Using Bayesian updating in the specification of employer beliefs
has the advantage of implying that, if there are systematic differences
in ability across worker types, employers gradually learn to show
preference for the higher ability types and, thus, to be willing to pay
them higher wages. Unfortunately, the speed at which this happens
depends on characteristics of the employer that are unobservable to the
researcher--in particular, how heavily they weight their prior
probabilities, relative to the information they receive in each period.
Bayesian updating is probably the most commonly used (by economic
theorists) model for combining old and new probability information.

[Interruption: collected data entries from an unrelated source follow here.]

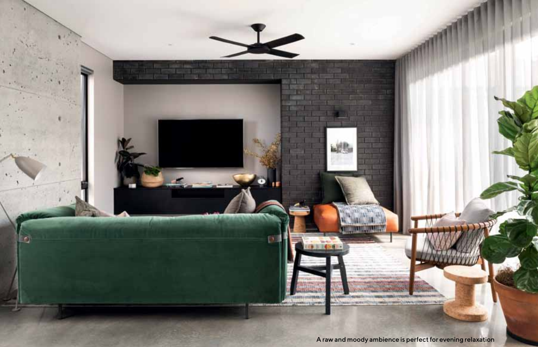
A raw and moody ambience is perfect for evening relaxation
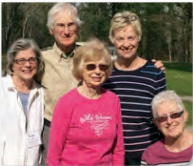
A Cousins Reunion
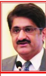
Sindh Approves Rs55 Billion Package to Support Wheat Cultivation on 2.2 Million Acres

KARACHI: Edition Vol. XVI No 287 Regd. No. 114 visit us at
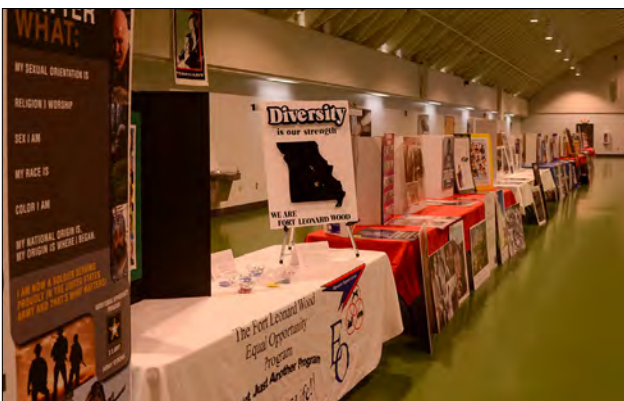
Informational displays highlight the diverse cultural background of America's history.
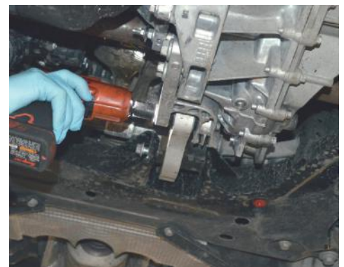
Assembling the Powerflex Lower Torque Mount

However, its success as a descriptive theory is mixed. The psychology
and behavioral economics literatures are replete with examples in which
individuals, even when given complete descriptions of a
probability-updating problem including both base rates (which are
equivalent to employers' priors in our model) and likelihood
information (equivalent to the observed new productivity information in
our model), underweight base rates relative to the likelihood
information, and other examples in which they overweight the base rates.
For example, Camerer (1995) provides a thorough survey of experimental
studies of individual decision making in economic situations. On the
other hand, Bayesian updating has been used successfully by some
researchers for describing individual decision making in probabilistic situations (see, e.g., Anderson and Holt 1997).
3. The Decision Problem Used in the Experiment
The experiment was designed in an attempt to capture a simplified
version of the decision problem faced by an employer in the above model,
while avoiding obviously loaded terms. All subjects in the experiment
faced the same decision problem, which we now describe. In each of nine
rounds, subjects were presented with two buckets, each of which
contained 50 cards. Subjects were asked to draw a total of four cards
(with replacement) from the two buckets; they could draw all four from a
single bucket, two from each bucket, or three from one bucket and one
from the other. Each bucket is meant to correspond to a group of workers
sharing some observable characteristic; the individual cards represent
individual workers having that characteristic (i.e., workers of a given
type). Each card had a number printed on it, representing the true
marginal productivity of that worker. (Thus, the mean of the numbers in
a bucket represents the average ability of that worker type.) The
subject's total revenue (in points) was the sum of the numbers on
the four cards drawn. Her total cost was determined by the number of
cards drawn from each bucket; it cost 60 points to draw two from each
bucket, 70 points to draw three and one, and 100 points to draw entirely
from one bucket. The subject's profit in a round was her total
revenue minus her total cost.
Because subjects draw four cards in each round and are not allowed
to hold onto cards for future rounds, we are making the implicit
assumption that firms hire new workers in every round. Notice also that
we do not address wages here, but rather only demand for employees of a
given type. Of course, unless labor supply is infinitely elastic, there
will be a positive relationship between labor demand and equilibrium
wages. Because each bucket contains a nontrivial distribution of cards,
subjects (managers) are unable to know ahead of time exactly how
productive a given worker will be. But, if the distributions are
different across buckets, as they are in the first six rounds, the
bucket from which a card is drawn (i.e., the type of the worker)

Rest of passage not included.